By Lori Montgomery
Washington Post Staff Writer
Tuesday, January 18, 2011; 3:04 PM
With a new executive order and two presidential memorandums, Obama laid out a regulatory strategy that aims to walk the fine line between protecting public health and safety and freeing business to pursue profits. Many of its principles are already in use, senior administration officials said.

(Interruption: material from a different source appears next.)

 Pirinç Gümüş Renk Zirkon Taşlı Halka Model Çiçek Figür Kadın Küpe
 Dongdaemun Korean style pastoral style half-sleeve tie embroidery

But the formal order puts agencies across the government on notice that, when making new rules, they must avoid “unreasonable burdens on business,” as Obama put it in an op-ed in Tuesday’s Wall Street Journal.

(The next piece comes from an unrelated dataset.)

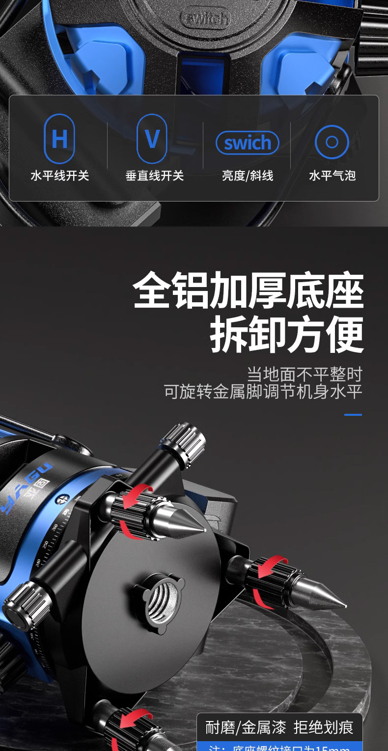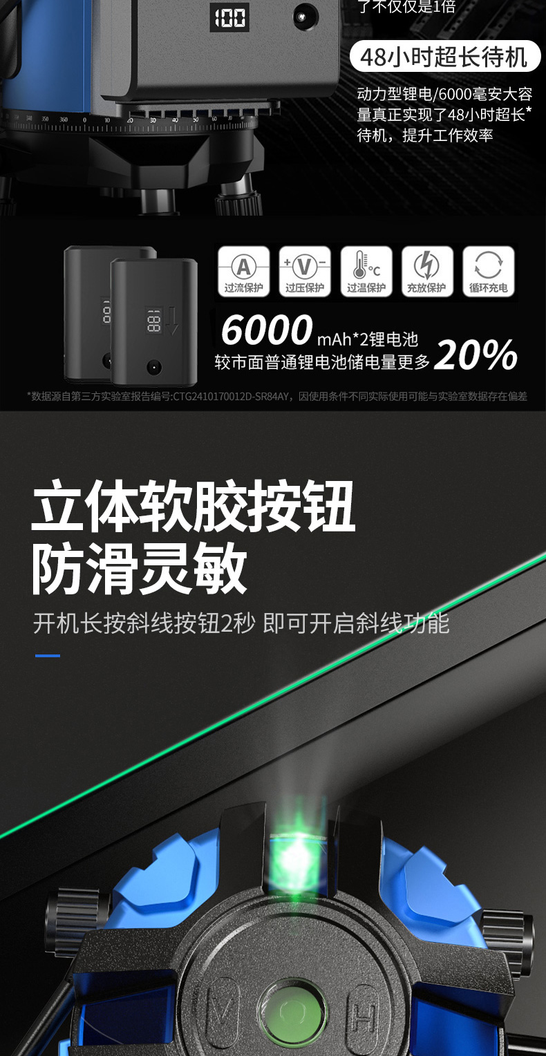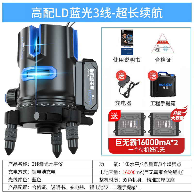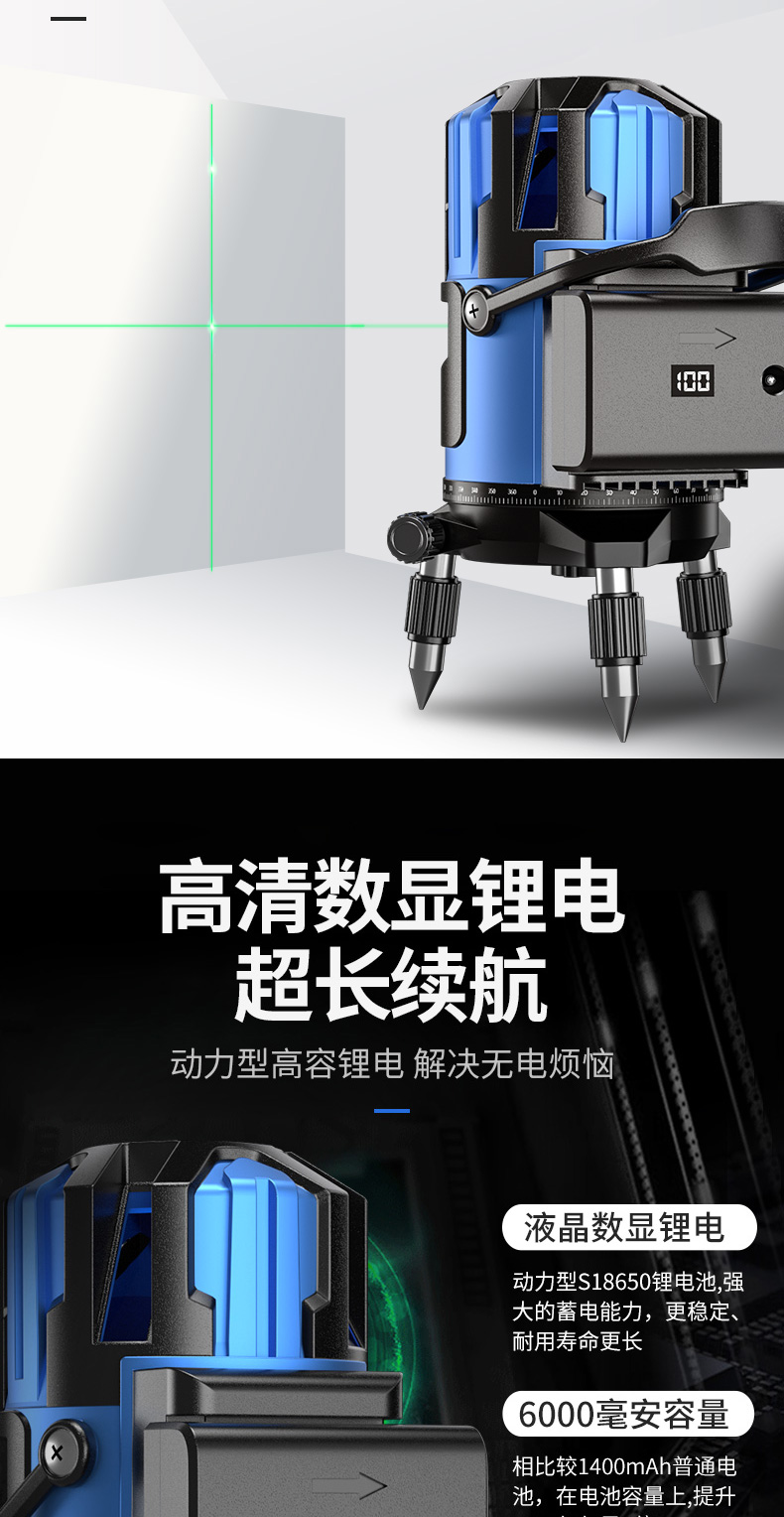 • 실외 녹색등 2줄 [럭셔리 박스 + 디지털 디스플레이 듀얼 배터리 + 두꺼운 삼각대] 밝기 조절 가능

“Over the past two years, the goal of my administration has been to strike the right balance. And today, I am signing an executive order that makes clear that this is the operating principle of our government,” Obama wrote. “This order requires that federal agencies ensure that regulations protect our safety, health and environment while promoting economic growth. And it orders a government-wide review of the rules already on the books to remove outdated regulations that stifle job creation and make our economy less competitive.”
Business groups, such as the Business Roundtable, have been calling for months for such a review.
Thomas J. Donohue, president of the U.S. Chamber of Commerce, said the move was a positive first step, but he added that the administration needs to do more for the business community.
“Congress should reclaim some of the authority it has delegated to the agencies and implement effective checks and balances on agency power … ” he said, “repealing or replacing outdated or ineffective regulations, ensuring realistic cost-benefit analyses using quality data.” He said the review should include the recently enacted health care and financial reform laws.
Republicans in Congress generally praised the order but also urged Obama to do more to assist business.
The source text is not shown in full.